**Task brief:**
Directions for the data below: repeat exactly the lines from the one with "Porta Paola +1" through the one with "[SET]フラワープリントキ", both included, and omit all pictures.

**Excerpted data:**
········
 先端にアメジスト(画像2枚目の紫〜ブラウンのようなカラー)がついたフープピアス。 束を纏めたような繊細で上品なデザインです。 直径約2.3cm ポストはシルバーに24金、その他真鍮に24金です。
········
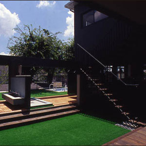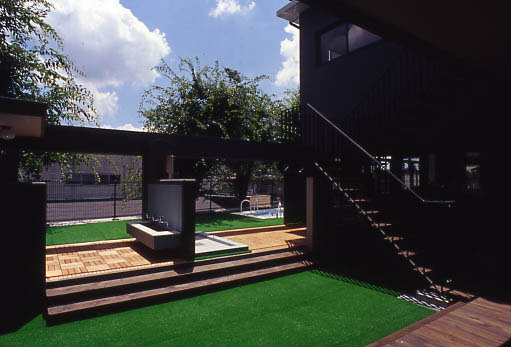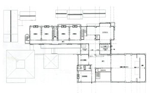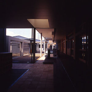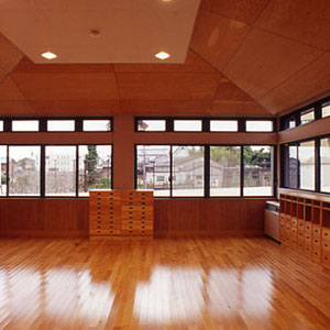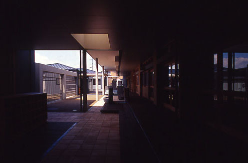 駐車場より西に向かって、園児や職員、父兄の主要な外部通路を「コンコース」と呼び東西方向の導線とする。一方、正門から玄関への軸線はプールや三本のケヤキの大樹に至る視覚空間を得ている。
········
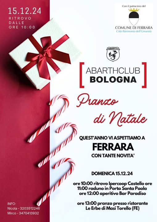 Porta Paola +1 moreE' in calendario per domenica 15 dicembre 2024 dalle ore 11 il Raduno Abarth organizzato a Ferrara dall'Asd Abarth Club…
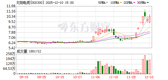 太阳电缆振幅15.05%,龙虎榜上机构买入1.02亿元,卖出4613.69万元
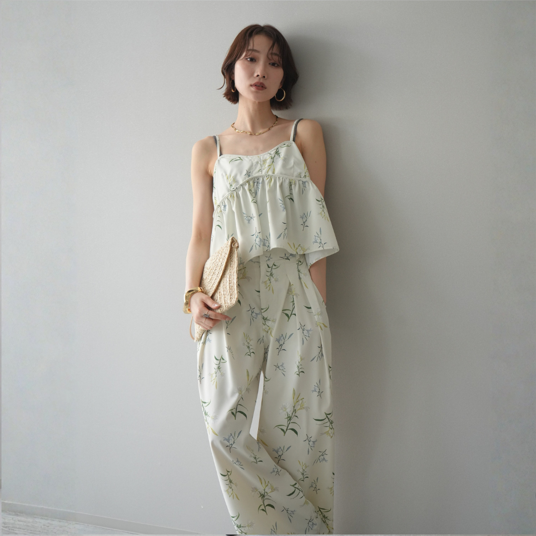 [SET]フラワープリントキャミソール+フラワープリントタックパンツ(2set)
········
**Output of the task:**
 Porta Paola +1 moreE' in calendario per domenica 15 dicembre 2024 dalle ore 11 il Raduno Abarth organizzato a Ferrara dall'Asd Abarth Club…
 太阳电缆振幅15.05%,龙虎榜上机构买入1.02亿元,卖出4613.69万元
 [SET]フラワープリントキャミソール+フラワープリントタックパンツ(2set)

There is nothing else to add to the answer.